Even what Holt calls the long form of long division is itself a shortcut for quotative division. Consider \(2653 \div 7\). We could just subtract 7 repeatedly from 2653 and count how many times we’ve done so, but that’s a lot of work. We know that 2100 is a multiple of 7, because 21 is a multiple of 7, so why not just start there?

So \(2653 – 2100 = 553\), and \(2100 = 7 \times 300\). Now we’re left with a more manageable 553, but even then, we know that 490 is a multiple of 7, because 49 is a multiple of 7, so we can use \(553 – 490 = 63\) and \(490 = 7 \times 70\). Finally, we have \(63 = 7 \times 9\).

That is, \(2653 = 7 \times (300 + 70 + 9)\), so \(2653 \div 7 = 379\).

This is idea behind long division: Repeatedly remove the largest powers of ten you can, then move to the next lower power, and so on, until you have a remainder that can’t be distributed at the level of precision you want.

But if we don’t teach the part with the zeroes first, the algorithm looks mysterious.

What About Multiplication?

While there is some confusion about long multiplication, it’s not nearly as deep.
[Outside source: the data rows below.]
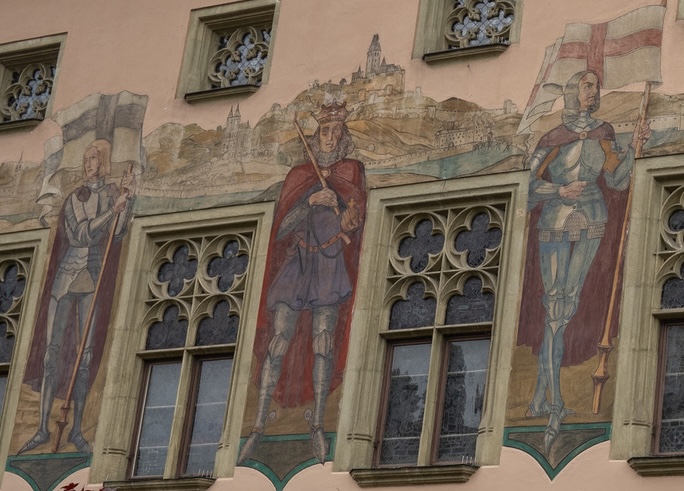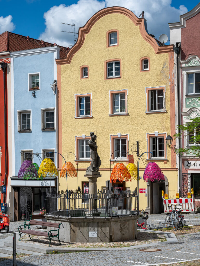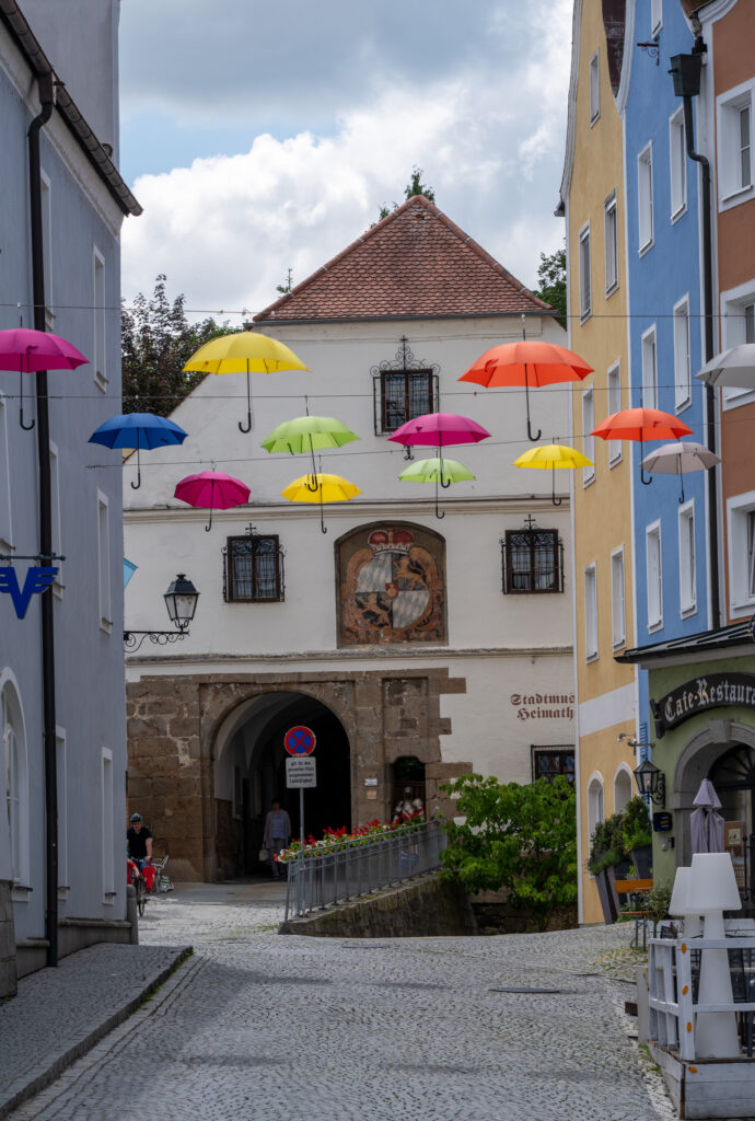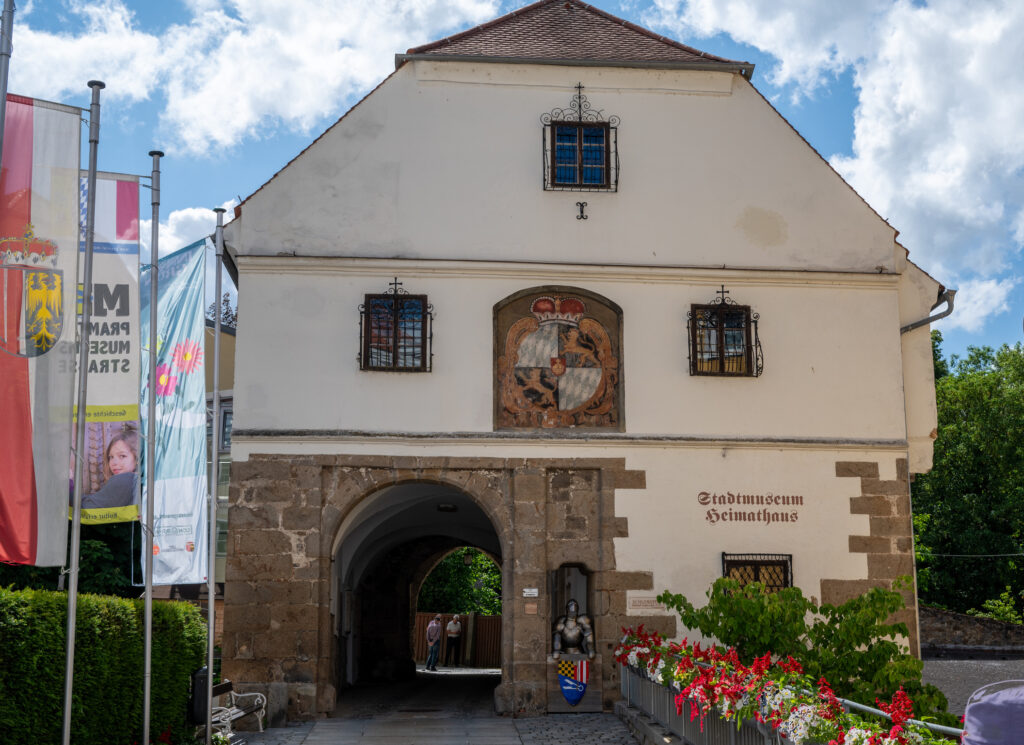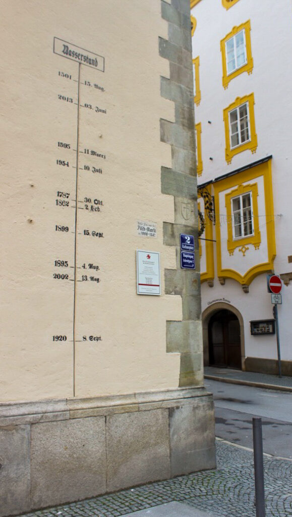 Originally the town was fortified. Sections of the wall remain, but the castle that was originally there is gone. We did see the castle gate that once housed the guards of the ducal palace. It now houses Schärding’s local museum. Until 1809, it was accessible only via a bridge across the outer moat. The older part of the building at the rear was originally four stories high. Made of tuff (rock composed of volcanic debris), it was once the outermost tower of the fortress built for Duke Ludwig the Bearded between 1428 and 1436.
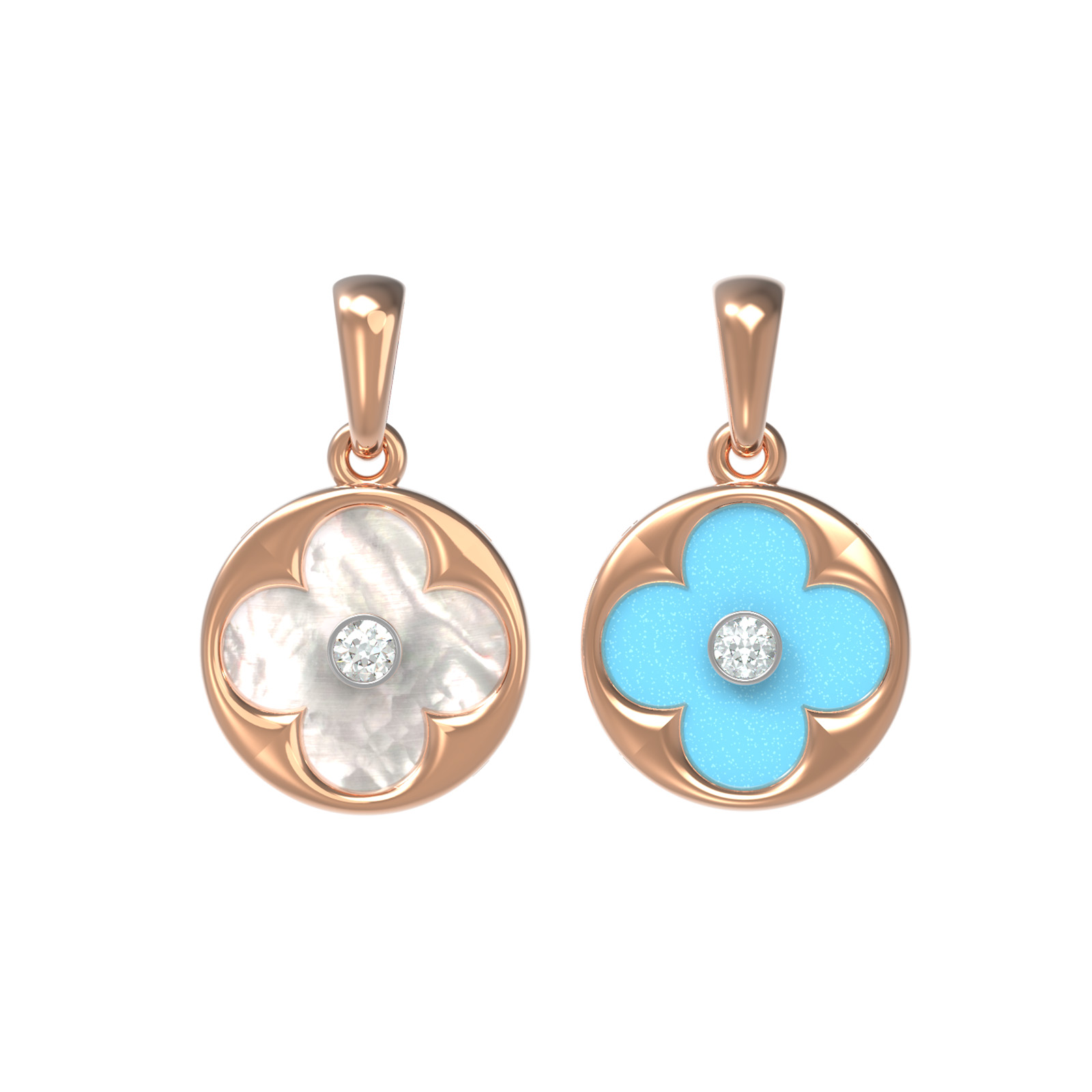 Подвеска из золота c бриллиантами, бирюзой и перламутром
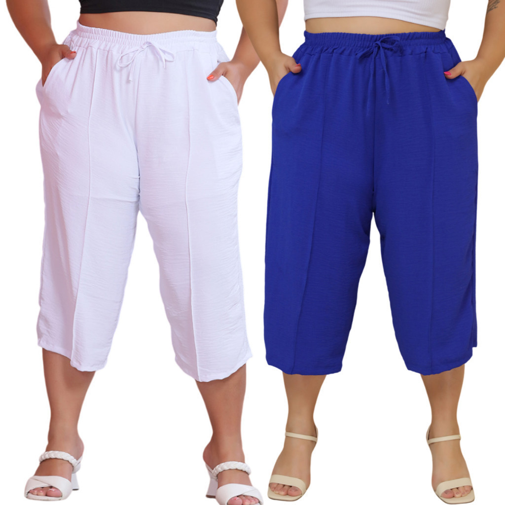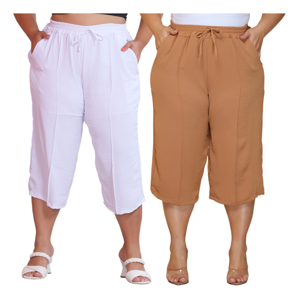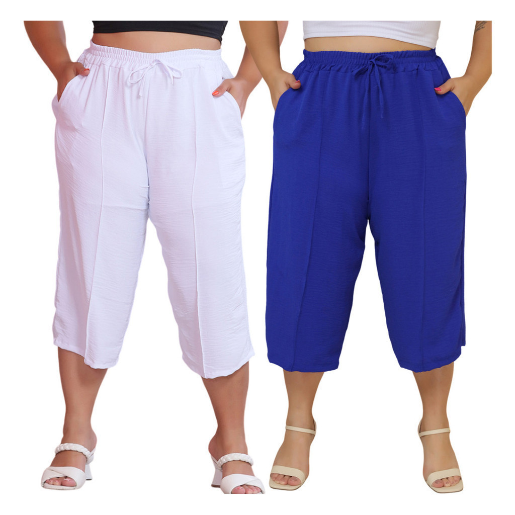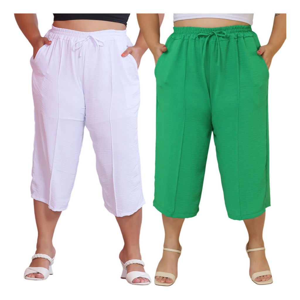 Kit 2 Pçs Calça Feminina Pancourt Em Tecido Duna Com Elastica Plus Size
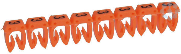 Legrand Kennzeichnungssystem CAB 3, für Leiterquerschnitt 1,5 bis 2,5 mm², Ziffer:3 (Orange), Kennzeichnung von Leitern mittels Ziffern, Buchstaben und Symbolen, zum Aufklipsen auf Leiter.
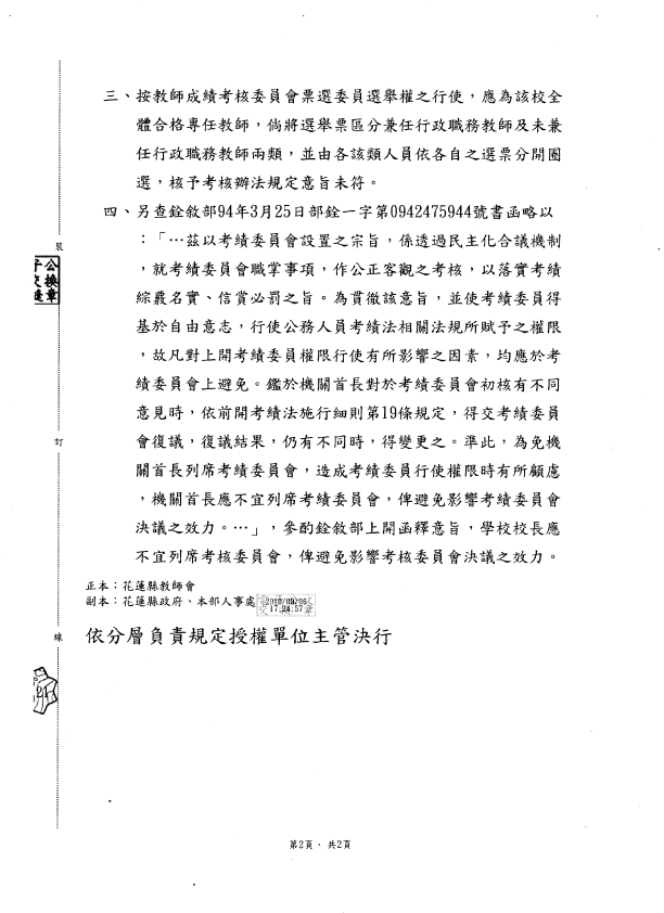 教育部函釋教師成績考核會選舉與校長得否列席會議疑義函
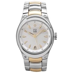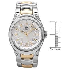 The esq Men's Centurion Watch #07300899 is handsome, sophisticated, perfect for the guy who has such fashion sense that he makes heads turn whenever he enters a room. The two-tone, stainless steel bracelet, which features an invisible, double-locking clasp, is complemented by a silver tone bezel with an oval frame. The white dial features a silver webbing pattern, with sleek, gold indexes and a calendar at the six o'clock position. The dial also has gold, luminous hands and a gold sweeping seconds hand. This watch is water resistant to 99 feet.Images ScreenShot
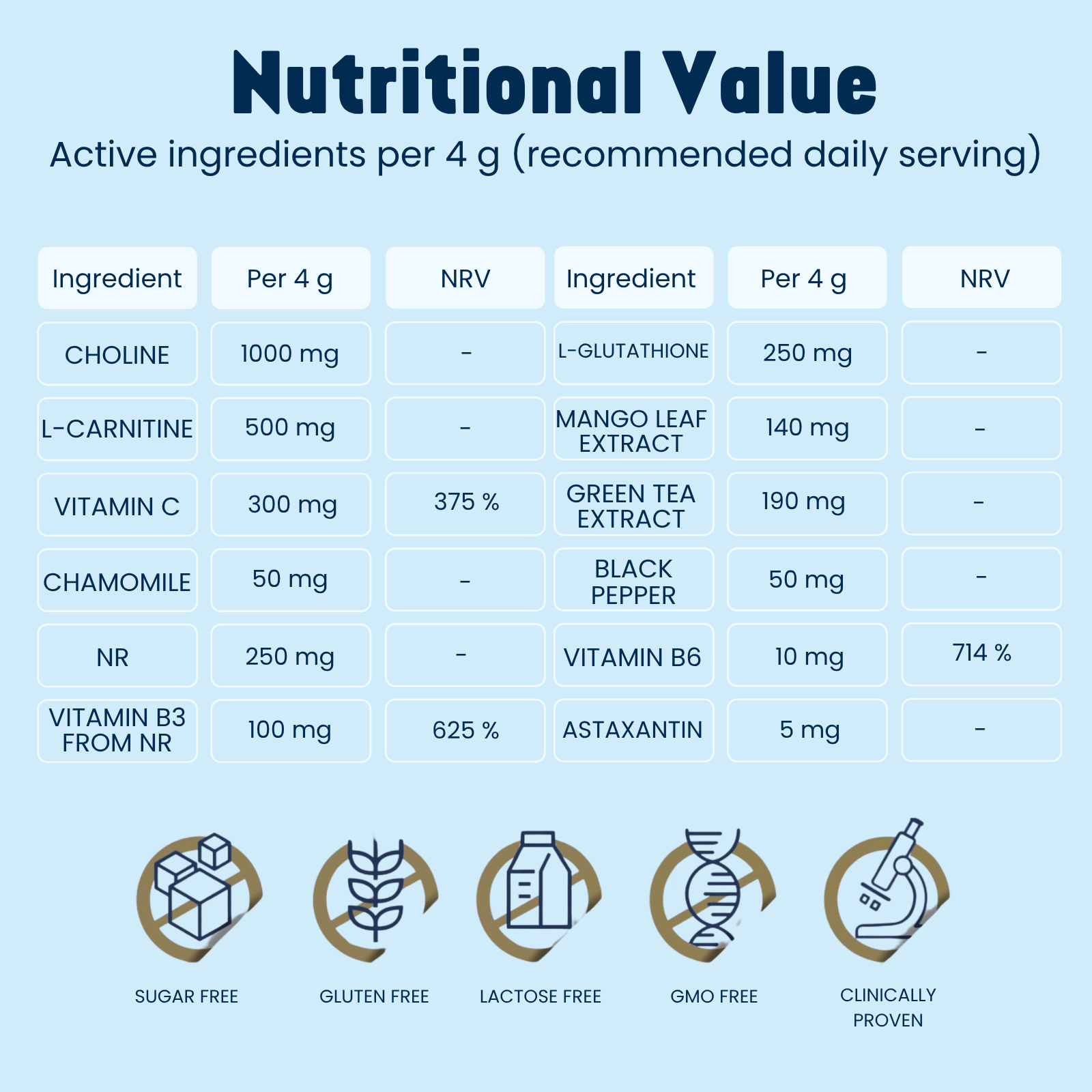| Per daily dose (4 g) | NRV | |

But, unlike with division, we still teach writing the zeroes. Here’s 1974’s Holt Book 5 again (p. 90):

1995’s Addison-Wesley, Grade 5 (p. 124):

and 2015’s enVision, Grade 5 (p. 71):

With multiplication, we call this method “partial products”; with division, it’s the same basic method, but we call it long division. In fact, when I Googled “partial quotient”, the first hit I got was this video, which explicitly distinguishes between “partial quotients” and “the standard method”:

And that standard method? It involves going “digit by digit” in a method that, if I didn’t already personally understand long division, would confuse the heck out of me:

Meanwhile, the same instructor writes place-holder zeroes with multiplication (as is the common convention):

Conclusion

It seems to me: When we wrote the zeroes with the partial quotients in early grades scaffolding, there was less confusion about the algorithm. We don’t need those zeroes as we mature in our understanding of the process, but if students are having far more trouble with long division than with “partial product” multiplication, I wonder how much of that is because of the shift in pedagogical strategies regarding division.

Also, since division is the inverse of multiplication, I’m not sure why we wouldn’t teach them as such: Why would we drop the place-holder zeroes with division, but keep them with multiplication? I feel like the ideal is to teach both concepts with those zeroes, and then teach students with deeper understanding that they can leave them off if desired.